Cooperative boards adopt not for profit budgets based upon what they can well estimate costs will be for the coming 12 month period and the pressure from their resident members to keep those costs as low as possible. Their audits at the end of the period generally prove out their estimates. If there is a surplus the boards can decide to use the surplus to fund added reserves or return it to the resident members. If there is a shortage it may well impact the next year’s budget or its reserve levels.
Rentals have to budget to provide a return or profit on the investment. Non profit rentals still budget on what the market will bear in order to provide revenues for other activities of the non profit.
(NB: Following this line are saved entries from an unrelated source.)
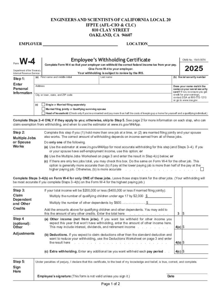 Complete Form W-4 so that your employer can withhold the correct federal income tax from your pay. Give Form W-4 to your employer. Your withholding is subject to review by the IRS.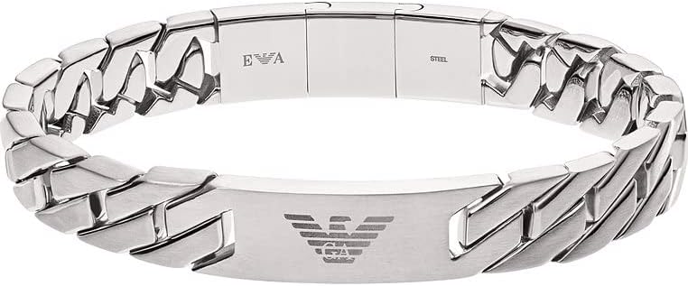 Bracelet homme Emporio Armani en acier inoxydable ou cuir, avec fermoir à maillons sécurisé et design raffiné.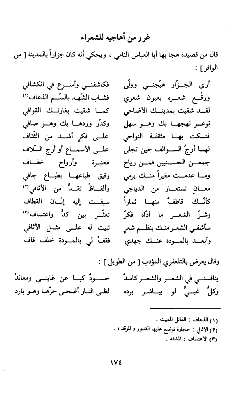 (معَان تستعار من الدياجي ... والفاظ تقد من الاثافي)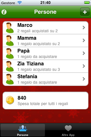 Regali di Natale, l’applicazione disponibile in AppStore, ci aiuterà ad organizzare i regali di natale suddividendoli per persona così che potremo tenere sempre sott’occhio i regali già acquistati, quelli da acquistare, quelli per il proprio babbo, quelli per la mamma, e così via!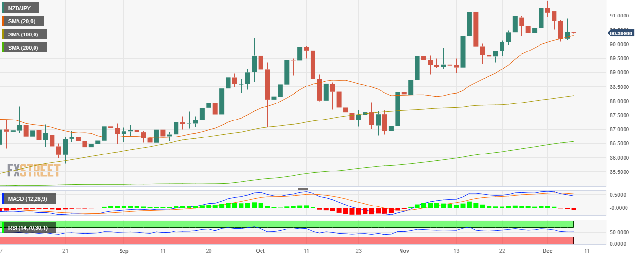 周三盘中,纽元/日元交投于 90.40,继盘初触及高点 90.90 后微跌 0.25%。 日线图上的指标显示出看涨动能耗尽的迹象。相对强弱指标仍持平于正值区域,而MACD指标则显示出红色柱状上升,倾

Housing cooperatives provide an answer for most all problems being faced by the public in the rental markets; and cooperatives are rentals but owned and controlled by the “rent” paying resident members.
Herb Fisher
The real issue here is whether (and if so how) property rights should be divided between the owner of the housing and the renter. I understand why renters would want the benefits of ownership — including the ability to remain in occupancy despite the owner’s desire, and the ability to not pay increased rents despite increased value of the unit — to flow to them instead of to the owner — and without having to undertake the burdens of ownership — including not actually having to purchase the property. But I do not understand why the rest of us should agree. Suppose that the rental housing owner is Mr. and Ms. Gutteriez (recent immigrants from El Salavador) who have purchased the property as part of their escape plan from poverty. Why should they subsidize the tenants (perhaps, Mr. and Ms. Ramirez, also recent immigrants, say from Mexico) who also are hoping to escape poverty)? Surely those of us who support opportunities for personal financial advancement — by those willing to make investments and take risk — should want for Mr. and Ms. Guttieriez to realize their vision for prosperity. And it seems to me that the claims for property rights by Mr. and Ms. Guttierez should take precedence over those of Mr. and Ms. Ramierez, because M/M Guttierez laid out the cash (and took the risk) to purchase the property in the first place. And if (hypothetically) the public-policy decision depends on whether the property owner / landlord is someone we approve of (e.g., Mr. and Mr. Guttieriez) instead of someone we don’t approve of (e.g., a publicly traded Real Estate Investment Trust), then we don’t really have the moral high ground, do we? Thus I think the whole “rent control” discussion is not simple in the least. My personal opinion is that rent control is a bad thing (conferring a benefit on long-time renters, at the expense of new renter movers to the neighborhood, generally with a zero-sum effect on those two classes of renters, even though there are legitimate reasons to encourage relocation in order to pursue economic opportunities, thus legitimate reasons to prefer — as a matter of public policy — the interests of in-movers over the interests of existing residents). I’m willing to be persuaded, but thus far the arguments in favor of rent control do not seem persuasive.
I can categorically and with great confidence state that there is no way on earth that the Illinois General Assembly is going to end the state’s pre-emption on rent control. The real estate industry still controls both parties here (and nationally) and you cannot fathom the lobbying — and advertising — effort that will go into killing any attempt to end the ban on local rent control. What we should be seeking is an amendment to the state ban to allow local communities to engage in inclusionary zoning.
But Herb Fisher is quite right when he writes that low-equity cooperatives are the solution. They’ve been the most successful form of affordable housing this nation has ever known. They keep housing affordable to the original target audience without massive government subsidies over the decades. They turn tenants into homeowners. And even more importantly they give tenants control over their housing fate and management. I hate the phrase, but low-equity cooperatives are a ‘win-win” deal for preserving affordable housing in America.